Le petit village de Vitkov, situé dans une vallée de la région tchèque de Liberec, à proximité immédiate de la frontière polonaise, abrite une centaine de résidents, qui vivent dans des petites maisons pittoresques cernées par la forêt.
À première vue, la vie à Vitkov pourrait sembler idyllique. Mais juste de l’autre côté de la montagne qui borde le village se trouve la mine de lignite (charbon brun) polonaise de Turów, une immense carrière à ciel ouvert qui s’étend sur plus de 3000 hectares.
Active depuis plus d’un demi-siècle, la mine a épuisé les cours d’eau et les nappes phréatiques de la région, y compris pour des localités tchèques comme Vitkov. Selon les chiffres de l’entreprise polonaise PGE, la mine utilise plus de 200 millions de mètres cube d’eau par an.
Les habitants de Vitkov montrent des cours d’eau asséchés et racontent qu’ils doivent creuser leurs puits de plus en plus profonds pour assurer leurs besoins en eau potable.
Pour approvisionner la crèche locale en eau, la municipalité a dû investir 37 000 euros pour forer un puits profond de pas moins de 70 mètres. La plupart des gens sur place ont dû payer de leur poche la reconstruction de leurs puits au fil du temps.
Initialement, la mine de Turow avait été planifiée pour fonctionner jusqu’en 2020. Désormais, cependant, Polska Grupa Energetyczna (PGE), l’entreprise publique polonaise qui la gère, a demandé l’autorisation de continuer à creuser jusqu’en 2044. Ses dirigeants font valoir qu’ils ont besoin de ce charbon pour alimenter la nouvelle unité de 450 MW qu’ils se préparent à faire construire dans la centrale électrique adjacente à Turów, pour laquelle les financements nécessaires ont déjà été obtenus.
Les résidents de Vitkov et leur maire s’inquiètent des conséquences de cette prolongation.
« Nous venons juste de reconstruire de nombreux puits après une importante inondation qui a frappé notre village en 2010, explique Michal Canov, le maire de Chrastava, dont dépend Vitkov. Nous sommes très préoccupés par les conséquences potentielles d’une expansion de la mine.
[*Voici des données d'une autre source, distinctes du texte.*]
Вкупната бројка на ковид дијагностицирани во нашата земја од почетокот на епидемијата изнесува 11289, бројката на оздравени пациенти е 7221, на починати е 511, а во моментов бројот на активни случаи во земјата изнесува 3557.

Nous avons des études qui montrent que le niveau des nappes phréatiques va être impacté et que nous aurons à reconstruire à nouveau les puits. Nous n’avons pas d’argent pour ça. »
Avec d’autres maires de la région de Liberec, Canov presse le gouvernement tchèque de s’assurer que les impacts d’une expansion de la mine seront évalués comme il se doit et que si cette expansion a bien lieu, les Polonais couvrent les coûts induits.
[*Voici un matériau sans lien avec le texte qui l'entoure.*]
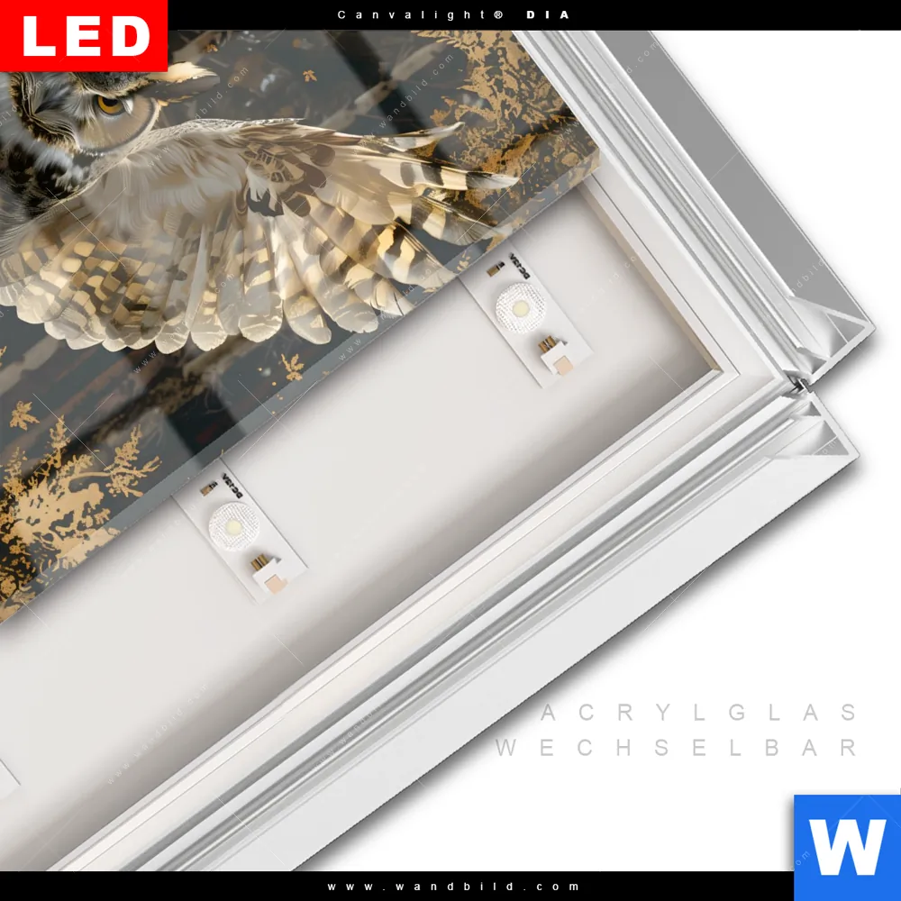 LED-Glasbild mit austauschbarem Acrylglas-Druck (Wechselbild)

« Les Polonais prétendent que la mine n’a pas de conséquences négatives du côté tchèque, mais nous avons des études qui montrent le contraire, poursuit Canov. Nous finirons par avoir besoin qu’un observateur neutre, comme la Commission européenne, intervienne et arbitre ce litige. »
Accès à l’information
Craignant des dégâts massifs sur les systèmes hydrologiques locaux, les Tchèques s’efforcent d’anticiper pour planifier les mesures de prévention requises.
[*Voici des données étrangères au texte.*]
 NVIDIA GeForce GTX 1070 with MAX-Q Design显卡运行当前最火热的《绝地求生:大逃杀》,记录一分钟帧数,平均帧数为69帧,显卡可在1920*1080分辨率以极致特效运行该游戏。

La compagnie d’eau du Frydlant, qui gère l’approvisionnement en eau pour une partie de la région de Liberec, a commissionné une étude sur les scénarios possibles. Dans la pire des hypothèses – que Petr Olysar, directeur de la compagnie, appelle le « scénario catastrophe » -, les ressources en eau de la ville de Frydlant et des villages alentour seront dévastées, ce qui rendrait nécessaire un investissement de 75 millions d’euros pour faire venir de l’eau des montagnes.
Les maires d’autres bourgades et villages de ce coin de la région de Liberec évoquent des sommes similaires. Plus de 30 000 personnes seraient affectées par un déclin des ressources en eau.
En réalité, cependant, personne ne peut évaluer précisément les dommages potentiels, pour la simple raison que PGE n’a pas fourni suffisamment d’informations aux Tchèques pour permettre des calculs solides.
Le dossier a pris une grande ampleur cette année en République tchèque, et a été mis au programme des rencontres bilatérales entre les premiers ministres des deux pays. Cette pression politique au plus haut niveau a obligé les Polonais à faire un geste.
Selon PGE, un groupe tchéquo-polonais d’experts en hydrologie a été constitué cette année et s’est déjà réuni à deux reprises pour échanger des informations, les Polonais commençant progressivement à fournir les données demandées par les Tchèques. L’entreprise ajoute qu’à la suite de ces rencontres, le ministère tchèque de l’Environnement sollicitait toujours des données géologiques et des clarifications supplémentaires, ce qui leur serait transmis via le groupe d’experts.
PGE indique étudier deux scénarios possibles pour l’avenir de la mine. Dans le premier, ils déplaceraient la mine de 20 hectares en direction de la République tchèque, en s’avançant de 200 mètres vers Opólno Zdrój, un village frontalier polonais. Dans le second scénario, le village serait laissé intact et la mine serait même légèrement déplacée dans la direction opposée à la frontière. Dans les deux scénarios, d’après PGE, la surface de la mine serait inférieure à la surface actuelle. Ces deux options seront évaluées dans le cadre du processus d’autorisation environnementale pour l’exploitation de la mine après 2020.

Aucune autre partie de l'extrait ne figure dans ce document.